EXERCISE INSTRUCTIONS: Each line of the listing below must be retyped exactly, with images left out.
--
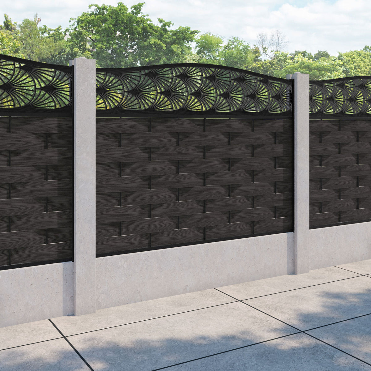 Ripple Laurel Curved Top Fence Panel Dark Oak - for existing concrete posts
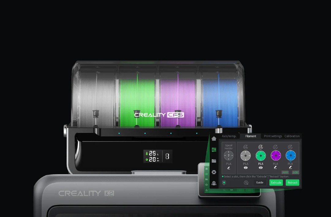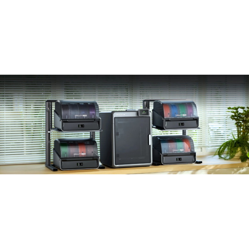Wersja Combo drukarki K2 wyposażona jest w Creality Filament System (CFS), który pozwala drukować w nawet 16 kolorach lub materiałach przy użyciu czterech modułów (1 system obsługuje 4 szpule filamentu). System automatycznie rozpoznaje filamenty dzięki wbudowanemu czytnikowi RFID oraz inteligentnie zarządza podawaniem materiału, minimalizując straty i przestoje. CFS oferuje także kontrolę wilgotności i temperatury wewnątrz komory, co chroni filamenty przed degradacją i zapewnia powtarzalną jakość wydruków.
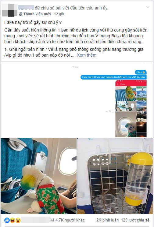 Cứ tưởng câu chuyện đến đó là xong xuôi, nào ngờ mới đây, một dân mạng có tên A.V đã thẳng thắn cho rằng việc làm của V.Đ là không đúng quy định của hãng hàng không. Theo đó người này đã chỉ ra hàng loạt điểm chưa rõ ràng trong những bức ảnh chụp thú cưng trên máy bay của cô nàng:
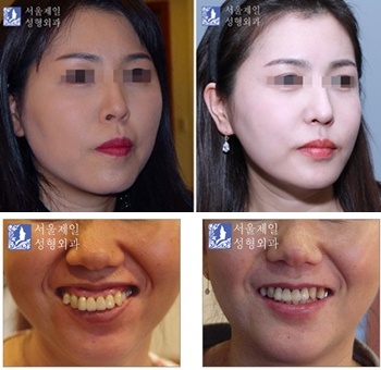 필요한 경우, 돌출입수술과 동시에 사각턱, 광대뼈수술(사진 참조)을 통해 얼굴 전체의 조화를 이루면 돌출입수술이 더욱 빛이 나게 된다.
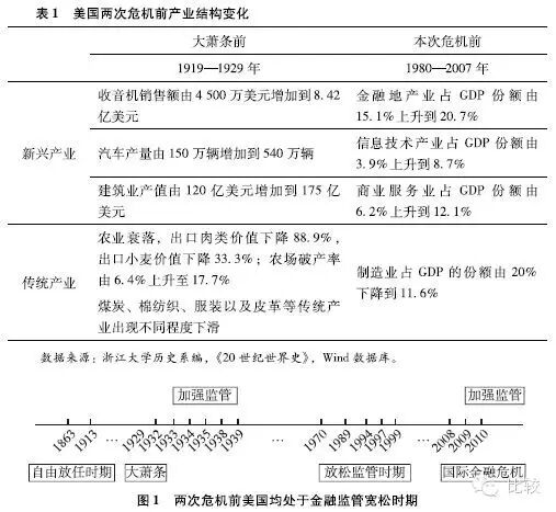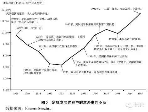 历史重复自己有线性方式,也有非线性方式,有符合逻辑的精准变化规律,也有逻辑不清的意外变化,甚至还有很多无法解释的历史困惑,这一切既是进行这项研究的迷人之处,也是它的难点所在。在下面的报告中,我们将按照马克思主义的分析方法,归纳两次危机的不同点,试图总结出两者的共性特点,并得出初步的政策结论。由于历史事件和比较的对象极为宏观,可以用于翻阅资料和进行数据比较的研究时间十分有限,我们的描述选择了较为粗略的方式,描述的重点是“是什么”而不是“为什么”。即便是对“是什么”的描述也十分困难,因此这项研究大纲仅是更深入研究的起点。
--
RESPONSE AREA:
 Ripple Laurel Curved Top Fence Panel Dark Oak - for existing concrete posts
Wersja Combo drukarki K2 wyposażona jest w Creality Filament System (CFS), który pozwala drukować w nawet 16 kolorach lub materiałach przy użyciu czterech modułów (1 system obsługuje 4 szpule filamentu). System automatycznie rozpoznaje filamenty dzięki wbudowanemu czytnikowi RFID oraz inteligentnie zarządza podawaniem materiału, minimalizując straty i przestoje. CFS oferuje także kontrolę wilgotności i temperatury wewnątrz komory, co chroni filamenty przed degradacją i zapewnia powtarzalną jakość wydruków.
 Cứ tưởng câu chuyện đến đó là xong xuôi, nào ngờ mới đây, một dân mạng có tên A.V đã thẳng thắn cho rằng việc làm của V.Đ là không đúng quy định của hãng hàng không. Theo đó người này đã chỉ ra hàng loạt điểm chưa rõ ràng trong những bức ảnh chụp thú cưng trên máy bay của cô nàng:
 필요한 경우, 돌출입수술과 동시에 사각턱, 광대뼈수술(사진 참조)을 통해 얼굴 전체의 조화를 이루면 돌출입수술이 더욱 빛이 나게 된다.
 历史重复自己有线性方式,也有非线性方式,有符合逻辑的精准变化规律,也有逻辑不清的意外变化,甚至还有很多无法解释的历史困惑,这一切既是进行这项研究的迷人之处,也是它的难点所在。在下面的报告中,我们将按照马克思主义的分析方法,归纳两次危机的不同点,试图总结出两者的共性特点,并得出初步的政策结论。由于历史事件和比较的对象极为宏观,可以用于翻阅资料和进行数据比较的研究时间十分有限,我们的描述选择了较为粗略的方式,描述的重点是“是什么”而不是“为什么”。即便是对“是什么”的描述也十分困难,因此这项研究大纲仅是更深入研究的起点。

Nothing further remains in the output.